We have probably overloaded the meaning of "canonical PLT" here:) Let me give a bit more details about the two types of canonical PLT:

  1. STT_FUNC, Undefined or SharedSymbol. The canonical PLT makes it a Defined and exports it (replaceWithDefined sets the exportDynamic field) in the dynamic symbol table. This fake definition (st_value=addr(PLT)!=0, st_shndx=0, ld.so has logic to handle such symbols) can preempt a real definition in a DSO. This can be seen as an address leak (in AArch64 BTI protection such PLT needs BTI c).
  2. STT_IFUNC, Defined. The canonical PLT is created because the symbol is referenced by a non-PLT-generating-non-GOT-generating relocation. This case is already a Defined, so there is no new Defined (exportDynamic field is not set). We just change some fields of the symbol (st_value and st_type are important to ld.so. For st_shndx, as long as is non-zero, it doesn't matter what its actual value is). If the STT_GNU_IFUNC symbol was exported before, the converted STT_FUNC is still exported. If the STT_GNU_IFUNC was not (e.g. local/hidden), the new STT_FUNC is not.

    Both are created for pointer equality. This patch deals with 2).

    If the ifunc is referenced by another component.
  3. Without a canonical PLT, its type is STT_GNU_IFUNC. A reference (symbolic relocation/GLOB_DAT/JUMP_SLOT) has to call the ifunc resolver to get the real address.
  4. With a canonical PLT, its type is STT_FUNC. A reference does not have to call the ifunc resolver, but every subsequent function call has to go through the canonical PLT. Address taken of a non-preemptable ifunc in a static storage (.rodata, .data, etc) is rare, so when making the trade-off, we can lean toward implementation complexity.

I agree that in hand written code it is not common to take the address of an ifunc in such a way that a canonical PLT entry isn't needed.

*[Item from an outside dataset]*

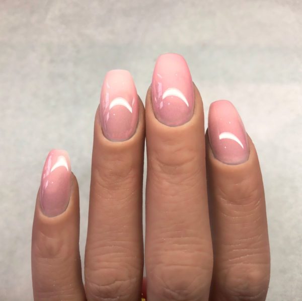 Pour some clear Gellux Acrylux Powder Crystal Clear over the entire nail on the middle finger. Cure. Dust off any excess powder with a soft brush and apply Gellux Nail & Cuticle Oil.

My concern is that this part of the code is motivated by something like HWASAN, which I believe may make compiler generated use of ifuncs to access shadow memory for example: D50544 . I must confess to not knowing too much about the details about HWASAN so I'm hoping that PCC can let us know if this will be a real performance problem or not.

pcc added a comment.Aug 12 2019, 6:08 PM

HWASAN should only be using GOT relative relocations to access shadow memory, so I wouldn't expect this change to have an impact on HWASAN.

I wouldn't object too much to removing this code at this point, but it may be worth bringing it back if we ever manage to improve relocation processing here to make this simpler to implement.

In D65995#1626365, @pcc wrote:

HWASAN should only be using GOT relative relocations to access shadow memory, so I wouldn't expect this change to have an impact on HWASAN.

Thanks for clarification!

I wouldn't object too much to removing this code at this point, but it may be worth bringing it back if we ever manage to improve relocation processing here to make this simpler to implement.

Do you have other things in mind that this may be beneficial?

In D65995#1626365, @pcc wrote:

HWASAN should only be using GOT relative relocations to access shadow memory, so I wouldn't expect this change to have an impact on HWASAN.

Thanks for clarification!

Thanks, I've no more objections.

I wouldn't object too much to removing this code at this point, but it may be worth bringing it back if we ever manage to improve relocation processing here to make this simpler to implement.

Do you have other things in mind that this may be beneficial?

I think that there are a few things that are made difficult due to a single pass through the relocations. For correctness we can always make decisions based on considering a relocation in isolation, but there are a few optimizations where we need to know about all the relocations. For example if we know that there is no need to create a canonical PLT then we could very easily avoid a lot of the complexity. This is easier said than done though, we'd need to be careful of performance as there can be a lot of relocations in a program.

peter.smith accepted this revision.Aug 13 2019, 1:46 AM

Given that this is mostly deleting code, I'm happy to approve.

This revision is now accepted and ready to land.Aug 13 2019, 1:46 AM
This revision was automatically updated to reflect the committed changes.